7. The multi-function end effector according to claim 6 wherein said centering means further comprises:

a bolt with a first end attached to said first plate and extending through said second plate with a second end extending through said third plate; and

an actuator attached to said third plate and to said second end of said bolt for selectively drawing said plates into close contact thereby preventing relative movement of said plates.

8. The multi-function end effector according to claim 7 wherein said actuator is an air cylinder.

9. The multi-function end effector according to claim 1 wherein said tool holding means comprises:

said crescent-shaped gear disposed in a crescent-shaped hole in said centering means for holding said tools therein;

a first gear mounted on said centering means and in contact with said crescent-shaped gear;

a second gear mounted on said centering means and in contact with said crescent-shaped gear such that either said first gear or said second gear is in contact with said crescent-shaped gear; and

a gear drive means attached to said first and second gears for driving said crescent-shaped gear and tools mounted therein.

10. The multi-function end effector according to claim 1 wherein said vertical drive means comprises a lead screw mounted in said vertical member and in contact with said centering means and a drive mechanism connected to said lead screw for turning lead screw and moving said centering means vertically relative to said vertical member.

11. The multi-function end effector according to claim 2 wherein said pilot means comprises:

a pivoting mechanism mounted on said centering means; and

a linkage having a conical cap on one end and attached to said pivoting mechanism at the other end for guiding said tools into alignment with said equipment.

12. The multi-function end effector according to claim 3 wherein said tool trasfer means comprises:

a transfer arm drive mechanism associated with said vertical member;

a transfer arm attached to said transfer arm drive mechanism; and

a crescent-shaped holder attached to said transfer arm for holding tools, said transfer arm drive mechanism being capable of rotating said transfer arm and said holder in a horizontal plane thereby enabling said tools to be transferred to said holding means.
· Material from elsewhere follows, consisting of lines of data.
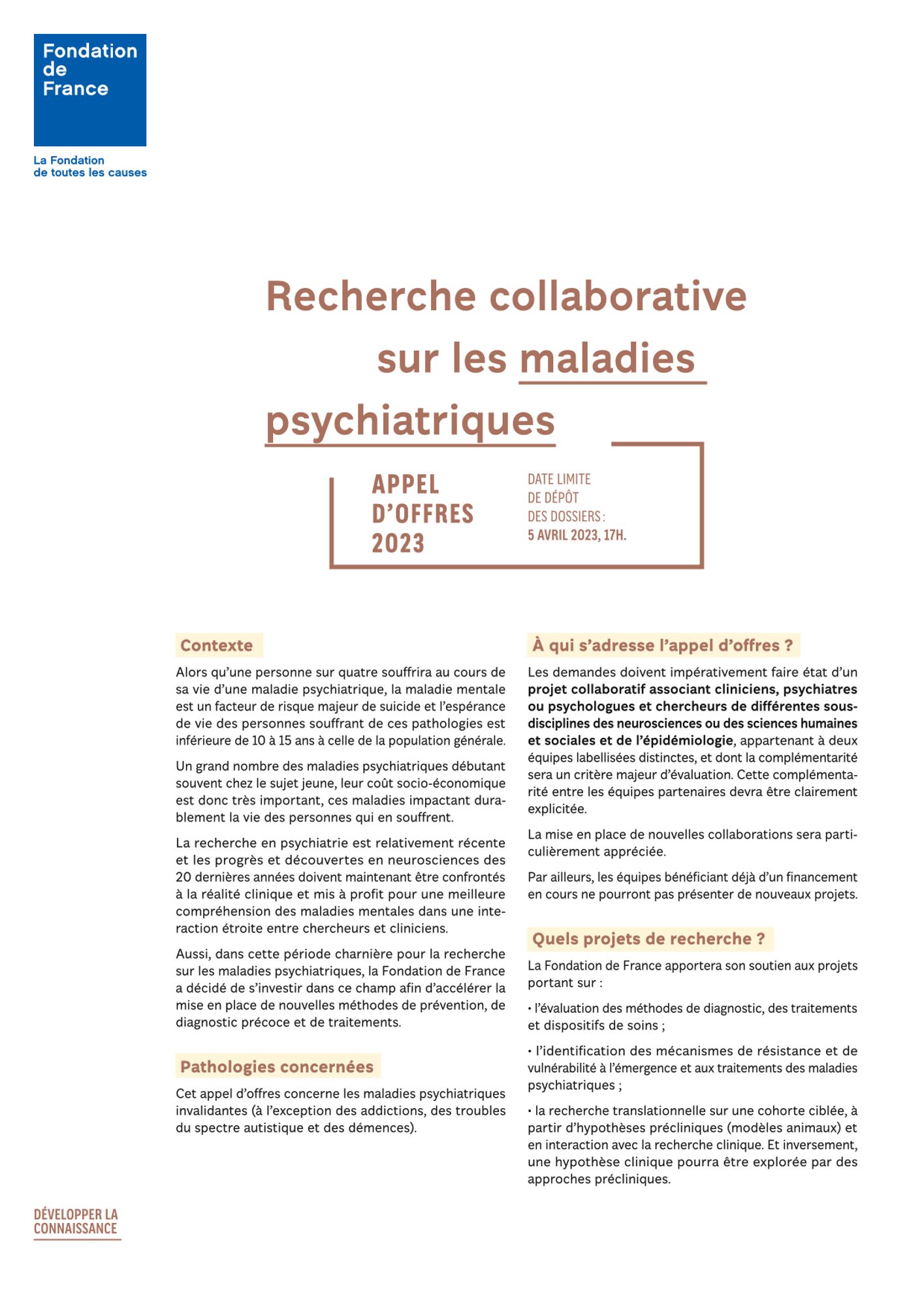 Aussi, dans cette période charnière pour la recherche sur les maladies psychiatriques, la Fondation de France a décidé de s’investir dans ce champ afin d’accélérer la mise en place de nouvelles méthodes de prévention, de diagnostic précoce et de traitements.
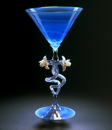 Lichtblauw opaliserend glas, helder kleurloos glas. Licht conische voet. Stam met twee staafjes, waartussen een geribde en gedraaide glasdraad, met aan elk uiteinde een bloem. Wijde conische kelk.
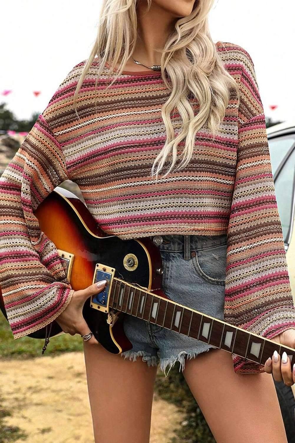 - This fashion top features vibrant ethnic stripes for a bold cultural statement.
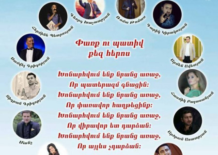 Համերգին մասնակցելու են մի շարք հայտնի դեմքեր՝ Ռուզաննա Ավետիքյանը, Սամվել Գրիգորյանը, Արծրուն Ասատրյանը, Արման Խաչատրյանը, Կարեն Առաքելյանը, Գառնիկ Գրիգորյանը, Ավո Ադամյանը, Արման Մարդարյանը, Հասմիկ Բալասանյանը, Արման Ավետյանը, Մանչը, Արմեն Ավանեսյանը, Գարիկ Կիրակոսյանը, Տիգրան Գրիգորյանը, Հերմինե Պետրոսյանը և այլք:
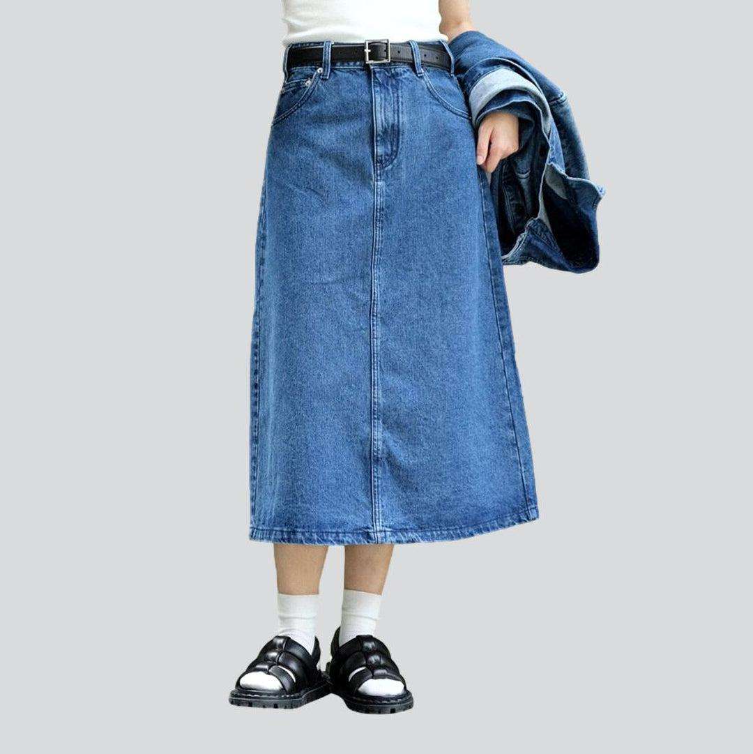 Introducing the 2023 Autumn Collection's A-Line Denim Long Skirt ââ‚?a timeless staple for the couture trendsetter!

13. The multi-function end effector according to claim 4 wherein said tool latching means comprises:

a bar pivotally mounted on said centering means;

a camming surface mounted on said vertical member; and

biasing means attached to said bar for urging one end of said bar into contact with said camming surface with said camming surface causing the other end of said bar to be selectively positioned over said tool and said tool holding means thereby selectively securing said tool in said tool holding means.

14. The multi-function end effector according to claim 5 wherein said indicating means comprises a linear variable differential transformer.